There is a downside of making buses free, similar to the experience of cities which stopped enforcing "turnstile hopping" for trains, which is that it attracts a small number of hostile and malicious riders. An advantage of treating transit as a public good means this downside becomes an empirical question, not a moral one: Which approach leads to more ridership? In some cases, enforcing fares leads to more ridership by increasing safety and decreasing the amount of time spent cleaning up befouled surfaces.

miltonlost 3 hours ago | parent | next [-]

Sorry, I don't believe you that what would stop those "hostile and malicious riders" is the $2 fare to hop on.

michaelmrose 4 hours ago | parent | prev [-]

Let's use Seattle as an example. We tap orca cards to pay to get on and recently debit cards. This doesn't in fact keep the crazy people from getting on without paying at all. Only cops/security actually prevent this and most of the time we do a whole lot of nothing.

We could offer free ridership but still use orca cards and ban people who misbehave or befoul the place. Whether we keep problem children off appears to be wholly orthogonal.

johannes1234321 5 hours ago | parent | prev | next [-]

That's the argument Mamdani makes to argue to make busses free. Taking the payment away would produce a lot more of reliability.

Over here in my European town this isn't an issue as we have a "trust based system" where tickets are only checked infrequently by spot inspections on the running bus and most people have a monthly pass. So it's just hop on and off.

rsynnott 3 hours ago | parent | prev | next [-]

One compromise is to tap inside; some systems do this.

bluGill 5 hours ago | parent | prev | next [-]

There are a lot of other ways to speed up payment. they are better as well imho

mmooss 4 hours ago | parent | prev [-]

That is an accepted issue among bus planners. One solution, I think used at least in part of NYC is to pay at the bus stop, before you board. Related is enforcing boarding and paying in front and leaving via the back door, so the leavers don't delay the boarders.
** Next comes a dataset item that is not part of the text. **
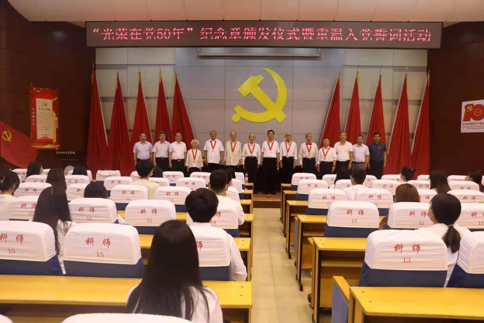 在中国共产党成立100周年即将到来之际,6月23日上午,学校党委组织部、离退休人员党总支和工商管理学院联合举办“光荣在党50年”纪念章颁发仪式暨重温入党誓词活动。校党委书记任民、党委副书记兰耀东出席活动。党委组织部、党委宣传部、离退办、工商管理学院相关负责同志、老党员代表和学生党员代表参加了活动。
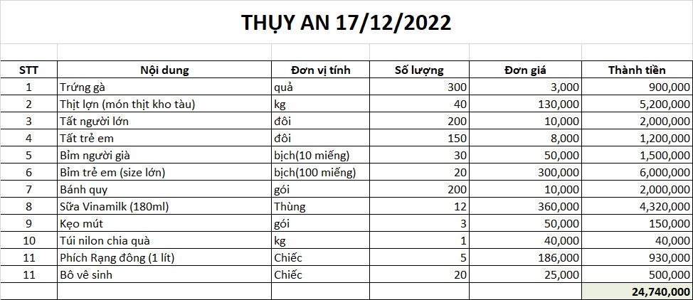 Năm nay Tết sắp cận kề, với mong muốn bữa cơm của họ có chút thịt và nhận được sự hỗ trợ của Chef Nguyễn Văn Khu cũng như các thành viên tình nguyện của trường Bách khoa, thời gian không còn nhiều nên nhóm quyết định ngày 17/12/2022 sẽ thực hiện một chương trình nho nhỏ. Với kinh phí khoảng 25 triệu đồng.

estebank 2 hours ago | parent [-]

> enforcing boarding and paying in front and leaving via the back door, so the leavers don't delay the boarders.

In my experience, being able to pay at any of the doors increases throughput because people are not bunched up in a single door, neither to get on or off, Parallelizing (and load balancing!) the movement of people. Not having to tap to pay (either because it is free, because monthly passes don't require it or because you can pre-pay at a machine or online) would have some additional time gains at rush hour on popular lines.